I am trying to traverse my octree in my compute shader in GLSL (v450) using the revelles algorithm with ray marching in real-time. I have managed to traverse it and I get an image but my fps is extremely low, around 0-5 fps. As the algorithms pseudocode is a recursive one I have converted it into a loop using a stack (as GLSL does not allow for recursion). The problem is that as soon as I make this loop non dynamically uniform I get this huge fps drop of about 30-40.

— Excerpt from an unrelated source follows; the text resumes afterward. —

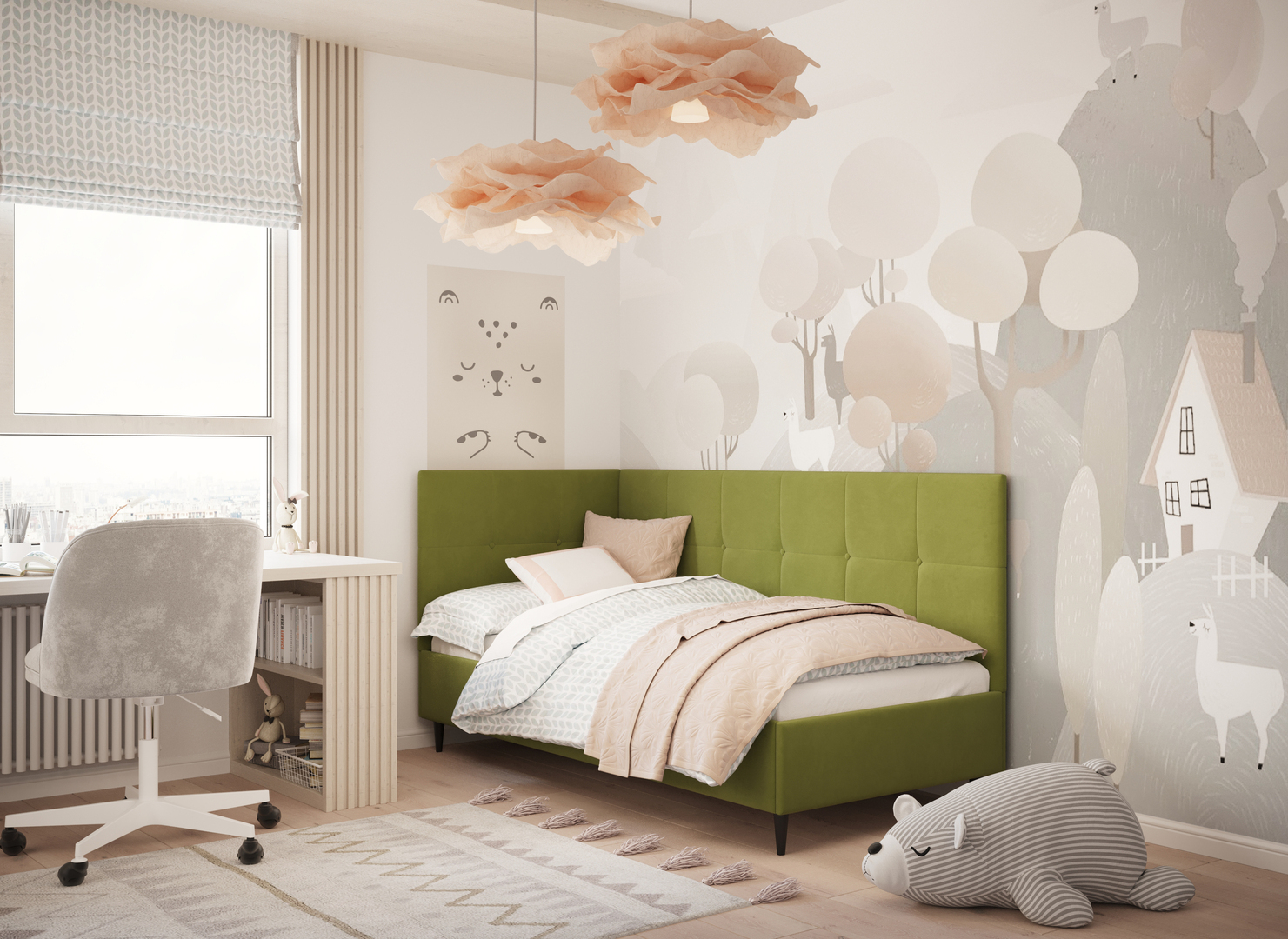 Угловая односпальная кровать MOON FAMILY 1261 с мягкой спинкой и изголовьем создаст в Вашей спальне ощущение уюта. Крупная квадратная стежка привносит в интерьер графических акцентов, а вставка из пуговиц наполняет пространство ощущением домашнего тепла.
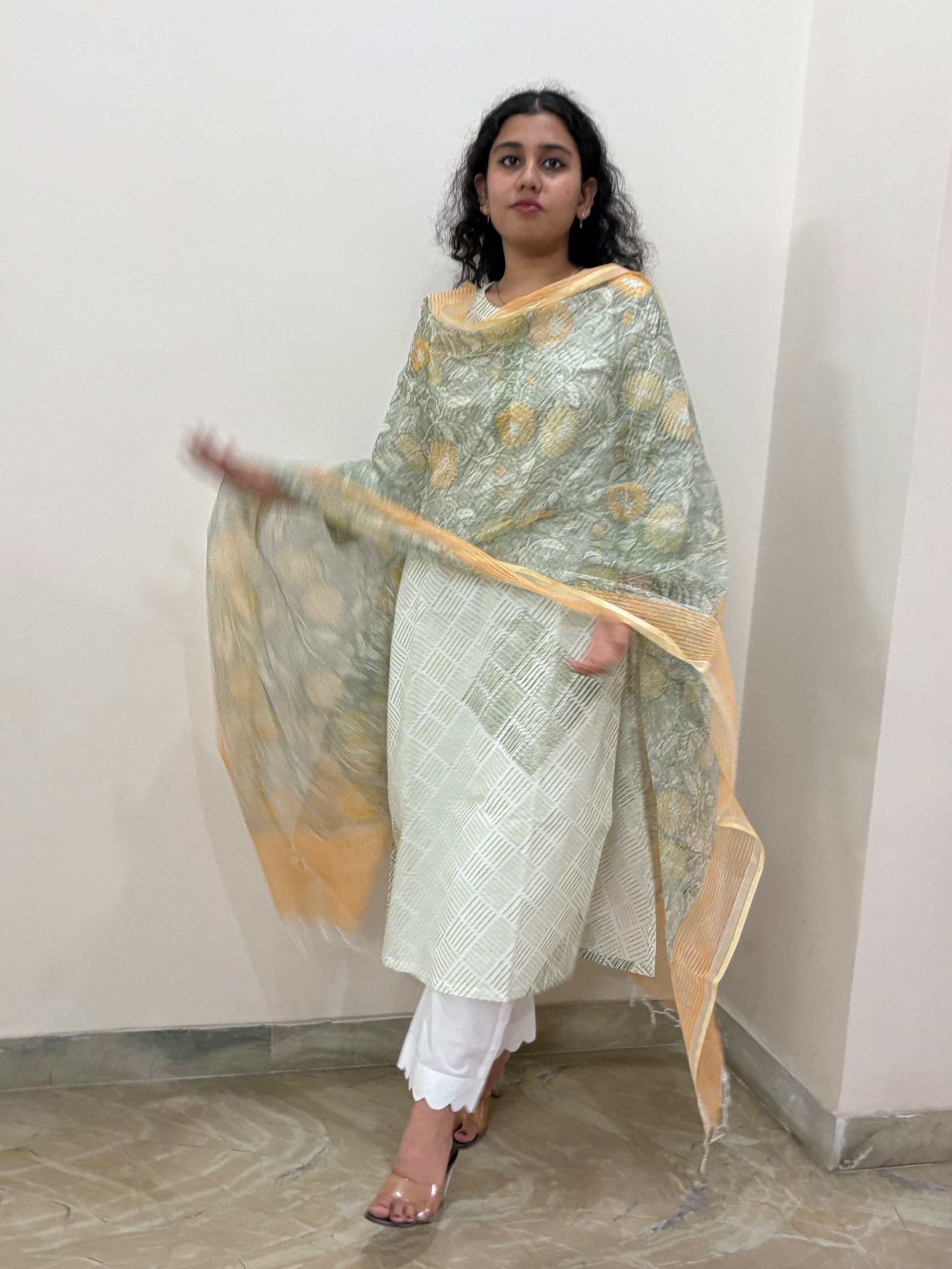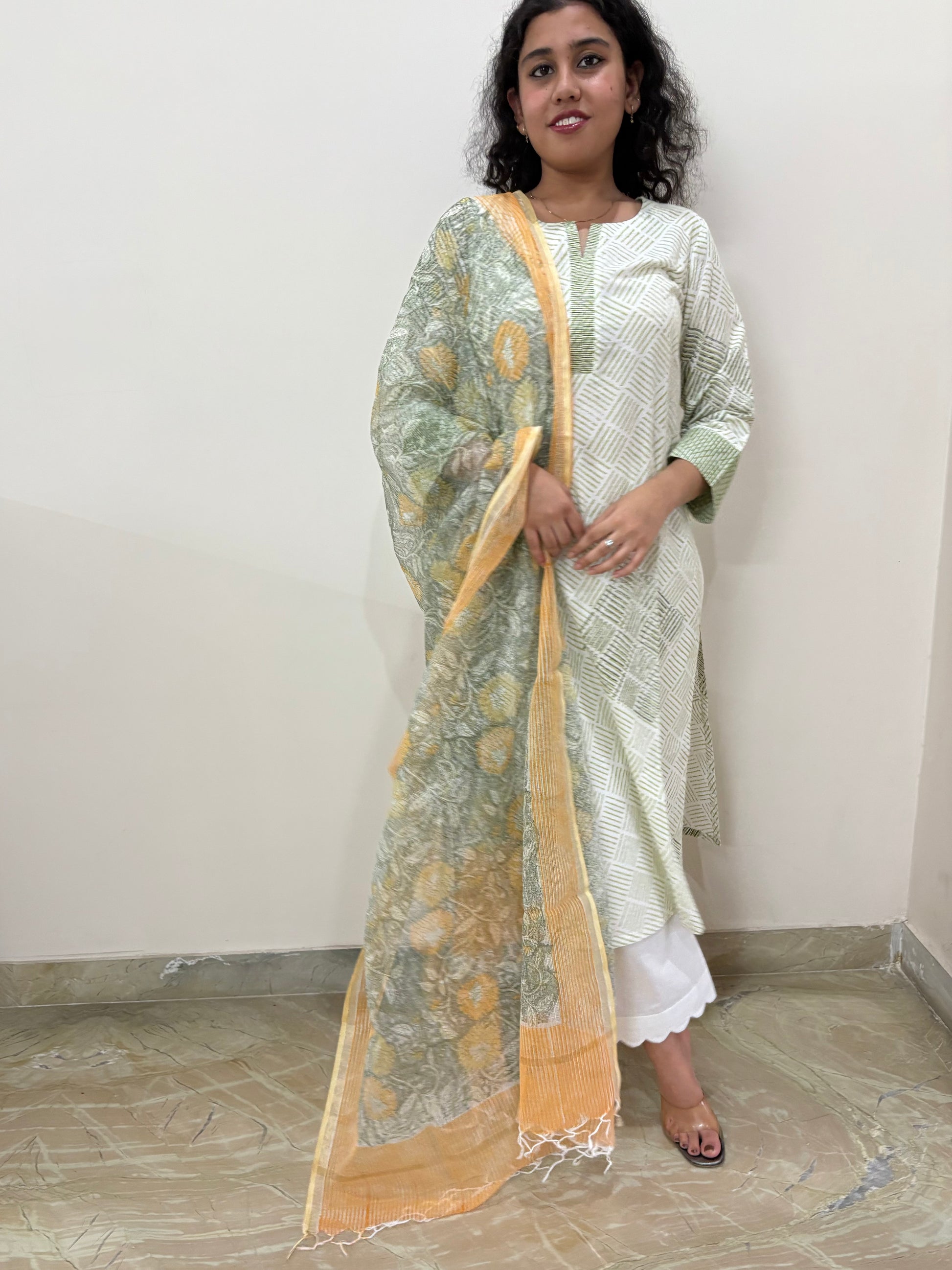 - 100% Cotton Kurta and Kota doria dupatta, Hand Block Printed

I can get this fps back up if I use the shared attribute on my stack, only available in compute shaders on global variables:
shared struct stack{
float tx0;
float tx1;
float ty0;
float ty1;
float tz0;
float tz1;
float txm;
float tym;
float tzm;
int currNode;
int node;
}travStack[10];
enabling it to be shared and used amongst all the threads in my workgroup. The issue is that I can not synch these with the barrier() and/or memoryBarrierShared() functions as it seems they need the loop to be dynamically uniform (see under shared variables www.opengl.org/wiki/Compute_Shader). As I can't synch, the image becomes pixelated and flickers.
Is there a way to convert this algorithm into a dynamically uniform loop? Why does the fps drop when the loop becomes non dynamically uniform?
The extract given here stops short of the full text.